The easiest way to make such object is to use `read_motifs` function provided by gimmemotifs package.

This function can load motif data text file. 
You need to prepare two files, XXX.motif2factors.txt and XXX.pfm.



## 3.1 XXX.motif2factors.txt
The text file, XXX.motif2factors.txt includes TF factor annotation for each motifs.
The file should be like a tsv file like below. 

- The first column should be motif name, the motif name should match with motif name in pfm file.
- The second column is gene symbol, the thrid column is datasource. This column is not important.
- The third column is data sorce name. Don't include space in the data source name.
- The forth column is additional information for this factor. Please enter "Y" if the factor information was confirmed by some experimental evidence.
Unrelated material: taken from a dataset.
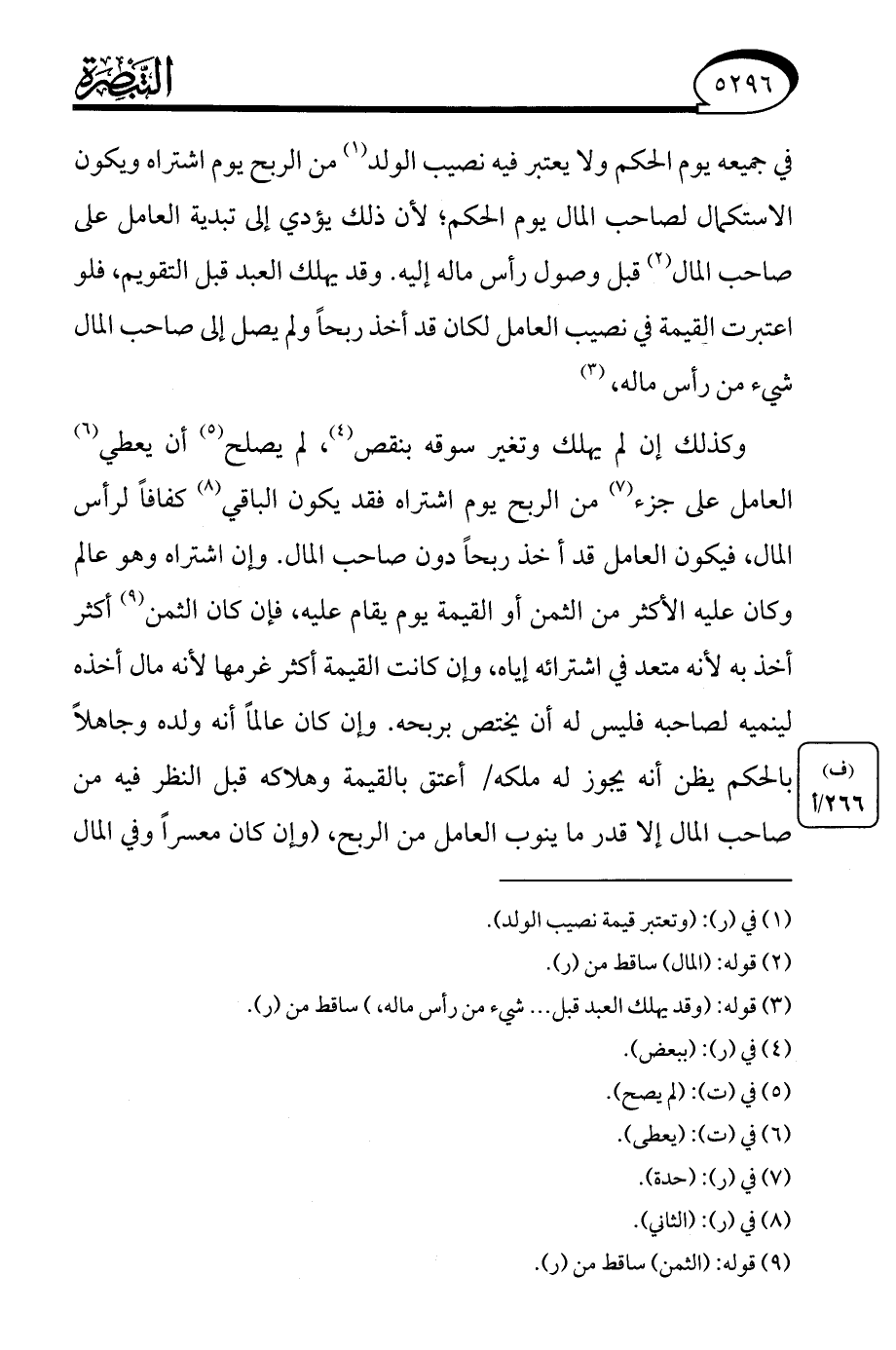 اعتبرت القيمة في نصيب العامل لكان قد أخذ ربحًا ولم يصل إلى صاحب المال شيء من رأس ماله، (¬3)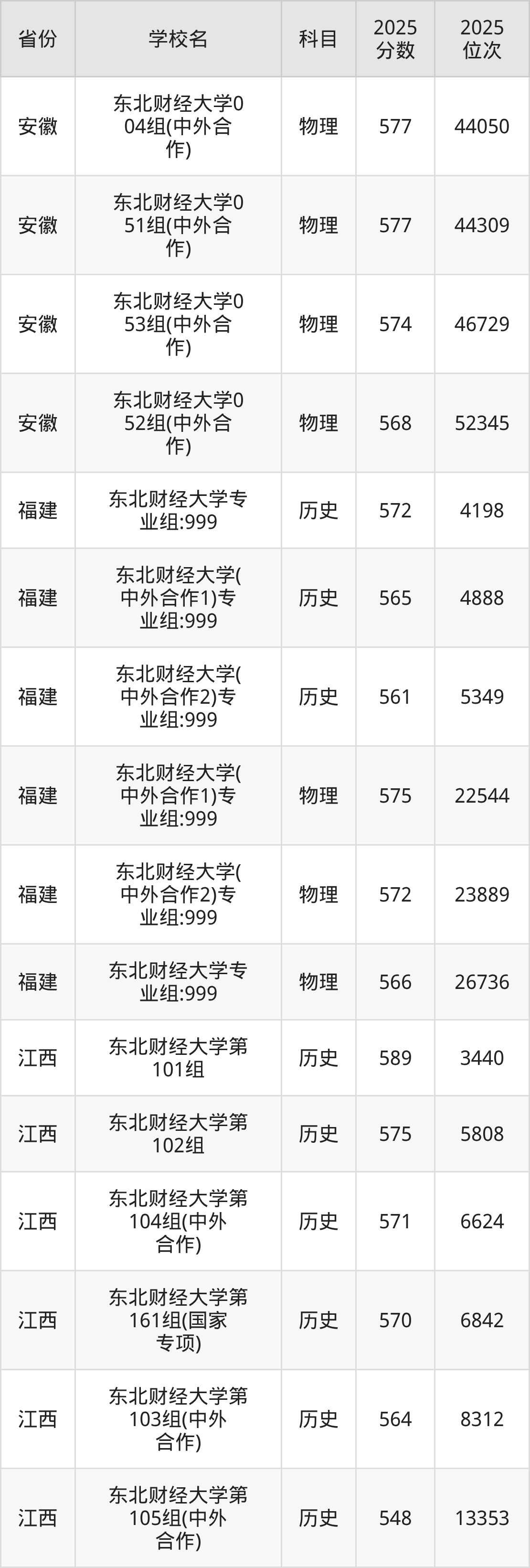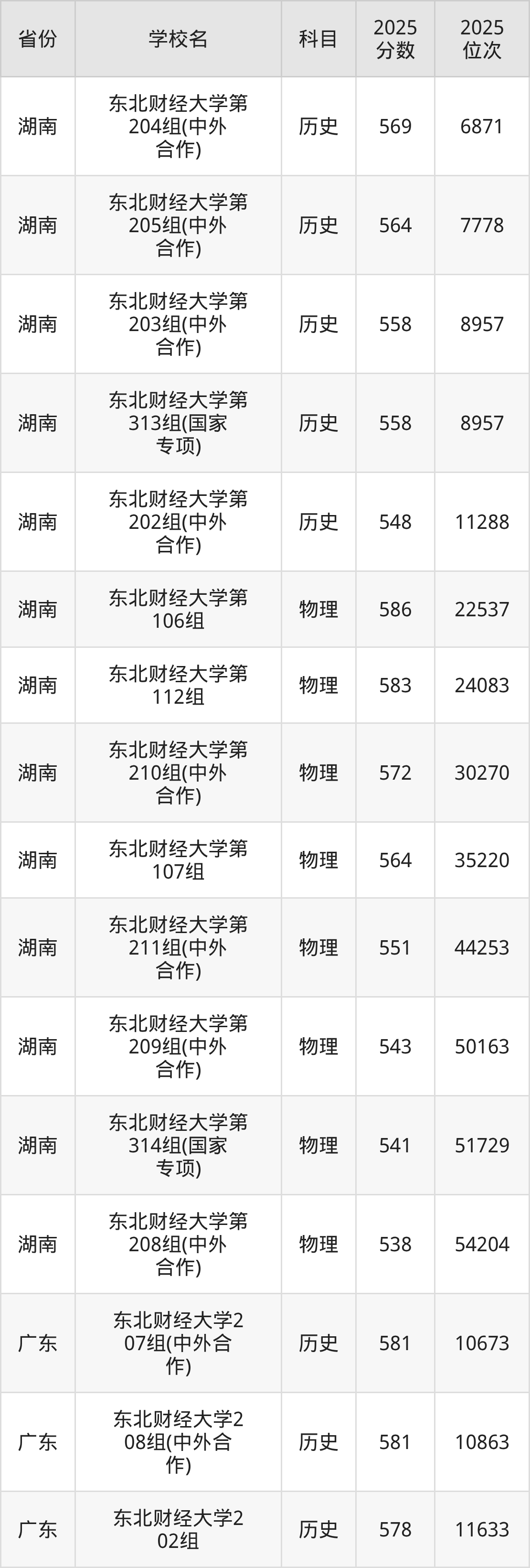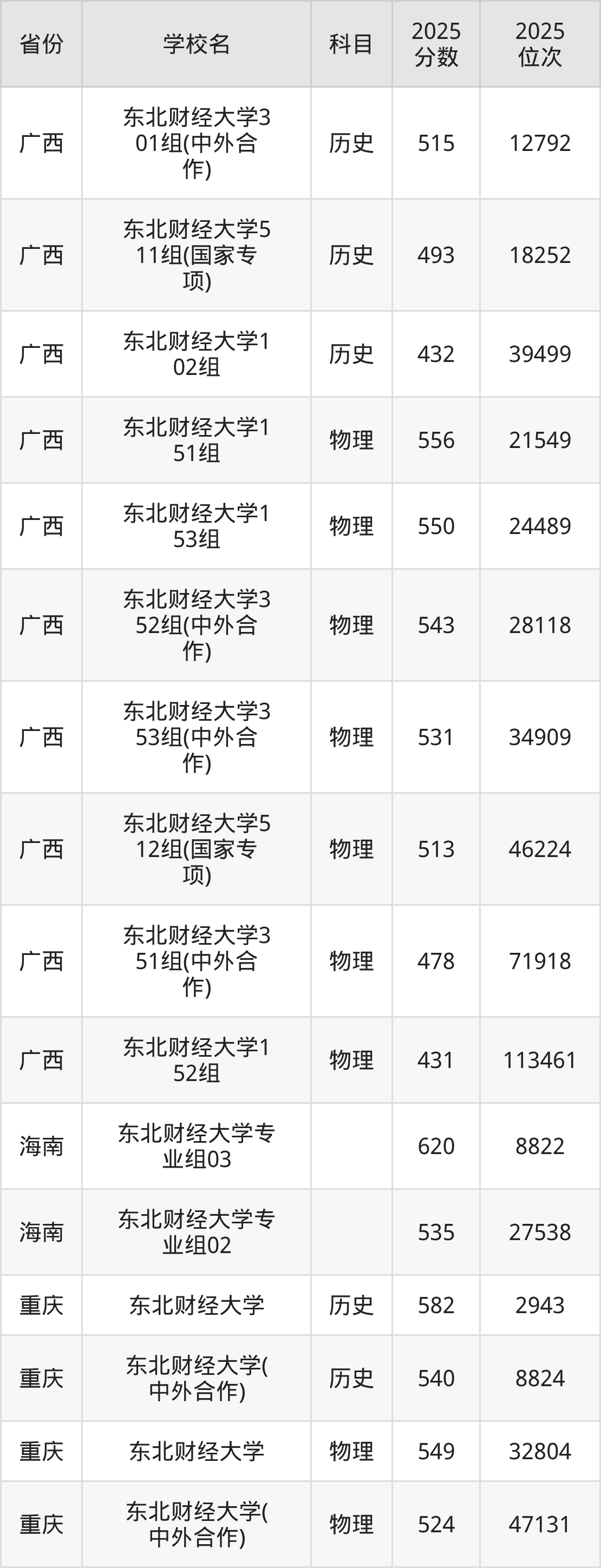 2025年东北财经大学历史类最低分555分(6368名)、物理类最低分554分(31013名)。

Otherwise, please enter "N".

In [1]:
# Download example XXX.motif2factors.txt data
!wget https://raw.githubusercontent.com/morris-lab/CellOracle/master/docs/demo_data/CisBP_ver2_Danio_rerio.motif2factors.txt

# If you are using macOS, please try the following command.
#!curl -O https://raw.githubusercontent.com/morris-lab/CellOracle/master/docs/demo_data/CisBP_ver2_Danio_rerio.motif2factors.txt

--2021-07-16 14:22:51--  https://raw.githubusercontent.com/morris-lab/CellOracle/master/docs/demo_data/CisBP_ver2_Danio_rerio.motif2factors.txt
Resolving raw.githubusercontent.com (raw.githubusercontent.com)... 185.199.111.133, 185.199.108.133, 185.199.109.133, ...
Connecting to raw.githubusercontent.com (raw.githubusercontent.com)|185.199.111.133|:443... connected.
HTTP request sent, awaiting response... 200 OK
Length: 2813285 (2.7M) [text/plain]
Saving to: ‘CisBP_ver2_Danio_rerio.motif2factors.txt’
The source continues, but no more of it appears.